» **TO DO**
Every line of the data below is to be given again as it appears, with the images removed.

Records from a collection:
_ _ _ _ _
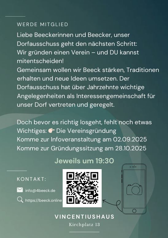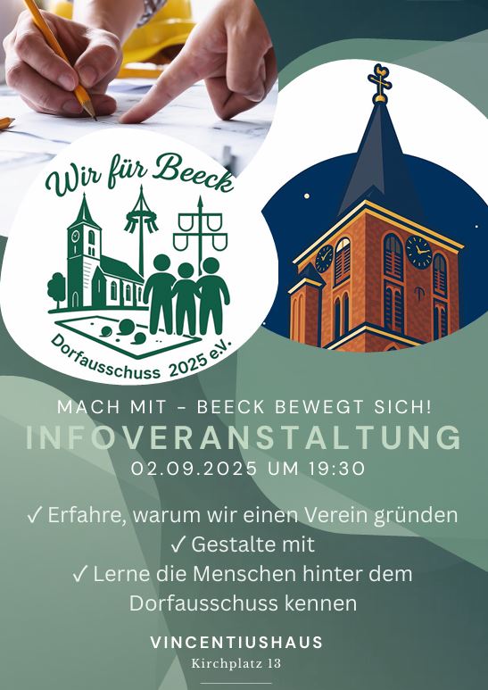 Wir sehen uns am 28.10.2025 um 19:30 Uhr im Vincentiushaus. Dort wird der Dorfausschuss Beeck e.V. formell ins Leben gerufen. Wir freuen uns.
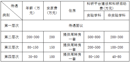 注:高层次人才除全职引进外,还可以柔性引进,具体待遇视在校工作时间、工作业绩等商定,“一人一策、一事一议”。
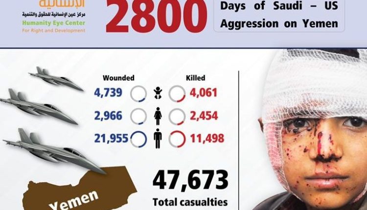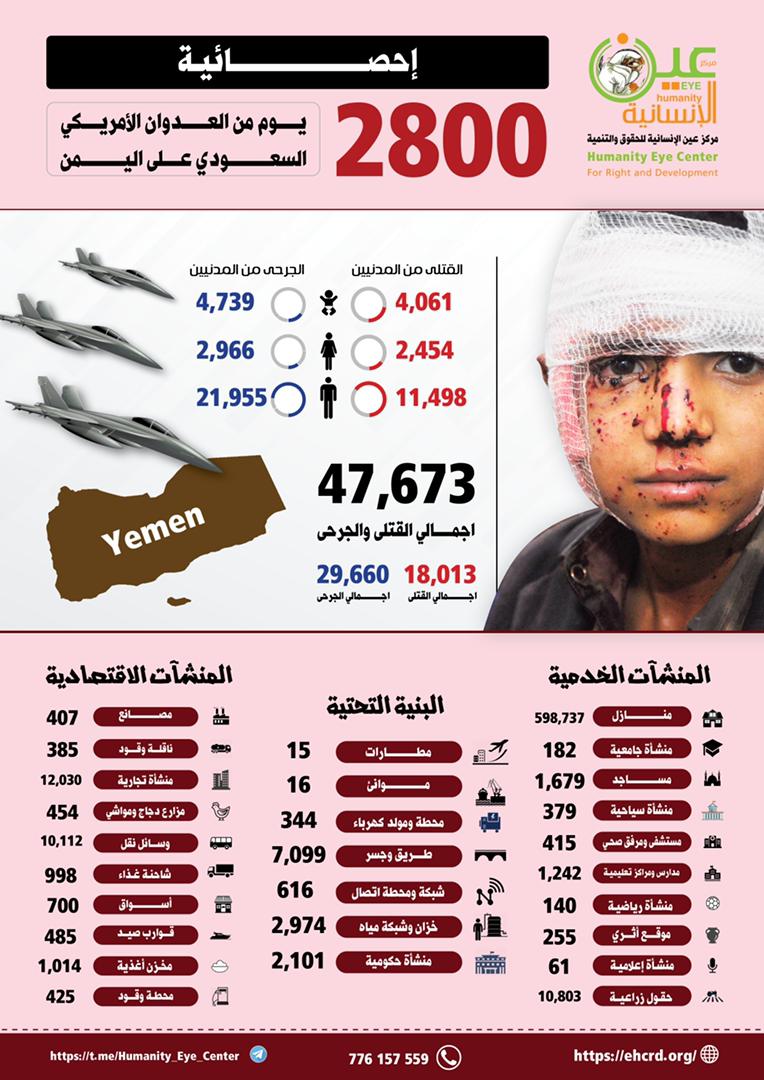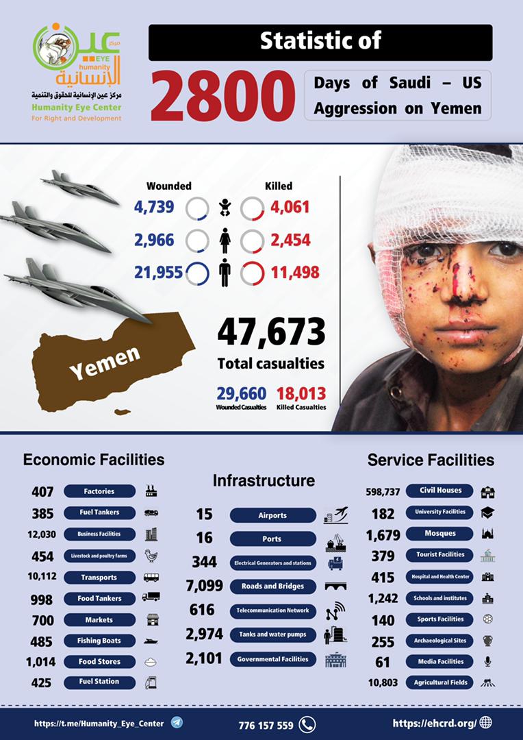 أصدر مركز عين الإنسانية، اليوم السبت، تقريراً يوثق جرائم العدوان الأمريكي السعودي الإماراتي بحق الشعب اليمني خلال 2800 يوم من العدوان.
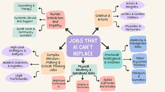 The above chart is one take on jobs that may be less susceptible to AI replacement. I don’t agree with all. In general, anything where a physical presence is needed is more likely to survive. We’re talking AI here—not robots, though those may proliferate as well.
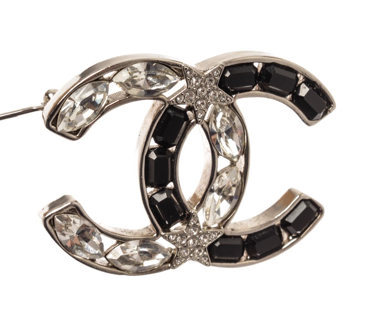 Chanel Black and Silver Pearl CC Rhinstone Brooch. All available information is listed in the description and shown in the photos. Chanel Black and Silver Pearl CC Rhinstone Brooch with marquise black stone, two tone crystal, and stars feature in a silver tone hardware, pin closure on back. Width:0.1" / 0.25 Cm
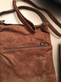 Vendo borsa a tracolla , usata, unisex , scamosciata marrone con tasca
_ _ _ _ _
» **WORKED SOLUTION**
 Wir sehen uns am 28.10.2025 um 19:30 Uhr im Vincentiushaus. Dort wird der Dorfausschuss Beeck e.V. formell ins Leben gerufen. Wir freuen uns.
 注:高层次人才除全职引进外,还可以柔性引进,具体待遇视在校工作时间、工作业绩等商定,“一人一策、一事一议”。
 أصدر مركز عين الإنسانية، اليوم السبت، تقريراً يوثق جرائم العدوان الأمريكي السعودي الإماراتي بحق الشعب اليمني خلال 2800 يوم من العدوان.
 The above chart is one take on jobs that may be less susceptible to AI replacement. I don’t agree with all. In general, anything where a physical presence is needed is more likely to survive. We’re talking AI here—not robots, though those may proliferate as well.
 Chanel Black and Silver Pearl CC Rhinstone Brooch. All available information is listed in the description and shown in the photos. Chanel Black and Silver Pearl CC Rhinstone Brooch with marquise black stone, two tone crystal, and stars feature in a silver tone hardware, pin closure on back. Width:0.1" / 0.25 Cm
 Vendo borsa a tracolla , usata, unisex , scamosciata marrone con tasca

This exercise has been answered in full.